In all participants, mean reaction times for continue-to-gamble decisions showed a positive linear relation with accumulated sum (t-test of regression coefficients against zero, t25 = 5.543, p < 0.001). A mixed-design ANOVA with within-subject factor medication and between-subject factor group showed no influence of medication or group on the linear increase in reaction time with accumulated sum (all p-values >0.25).
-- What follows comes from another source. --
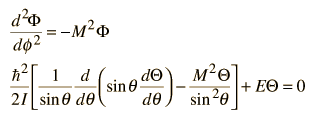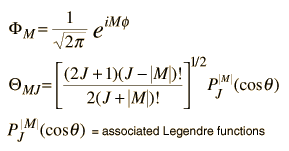 Energy Calculation for Rigid Rotor MoleculesIn many cases the molecular rotation spectra of molecules can be described successfully with the assumption that they rotate as rigid rotors. In these cases the energies can be modeled in a manner parallel to the classical description of the rotational kinetic energy of a rigid object. From these descriptions, structural information can be obtained (bond lengths and angles). The most straightforward examples are those of diatomic molecules. Energy calculations in quantum mechanics involve the solution of the Schrodinger equation with a properly formulated Hamiltonian to represent the energy operator. The form of the Hamiltonian can often be implied from the nature of the classical energy of such a physical system. The process involves finding the quantum mechanical operators associated with the constituents of the system energy. The energy of a freely rotating rigid rotor is simply the rotational kinetic energy, which can be expressed in terms of the angular momentum. The general form of operators associated with momenta are: ![]() Since the rotational kinetic energy of the rigid rotor can be expressed in terms of the angular momentum, we can imply the form for the Hamiltonian associated with the rotation around a single principal axis. ![]() For this limited case of rotation about a single axis, the Schrodinger equation can be formulated in terms of the total angular momentum and the form of the energy eigenvalues implied. ![]() To treat the more general three-dimensional rotation of a rigid molecule, it is necessary to formulate the Hamiltonian in three dimensions. It is appropriate to formulate it in spherical polar coordinates, and this adds significantly to the mathematical complexity. The square of the angular momentum operator takes the form of a Laplacian and the Schrodinger equation takes the form ![]() This form of the angular momentum contribution is also encountered in the solution of the Schrodinger equation for the hydrogen atom. The approach to the solution of this differential equation is to separate the variables in the form ![]() Substitution into the Schrodinger equation gives the two separated equations ![]() where M is inserted as an arbitrary "separation constant" at this point, but will be found to represent MJ, the z-component of the angular momentum. Solutions to these equations which meet the necessary constraints on the wavefunction, i.e. single valued and normalizable, can be obtained only when ![]() where J is a positive integer and M is an integer such that the absolute value of M is less than or equal to J. The wavefunctions associated with these allowed solutions are ![]()

Group or medication had also no effect on mean reaction times in “continue-to-gamble” trials and “stop” trials and no effect on mean CE (all p-values > 0.18).
3.2. Task-related brain activity across groups
Across both groups and both sessions, sequential gambling activated VS, the ventral head of caudate nucleus, anterior insula, bilateral lateral OFC and upper midbrain as well as bilateral inferior parietal lobules and secondary visual cortices. The cortico-subcortical response inhibition network showed a linear increase of “continue-to-gamble” activity with accumulated sum, including the pre-SMA, right IFG, and STN region (Fig. 1D; Supplementary Table 1).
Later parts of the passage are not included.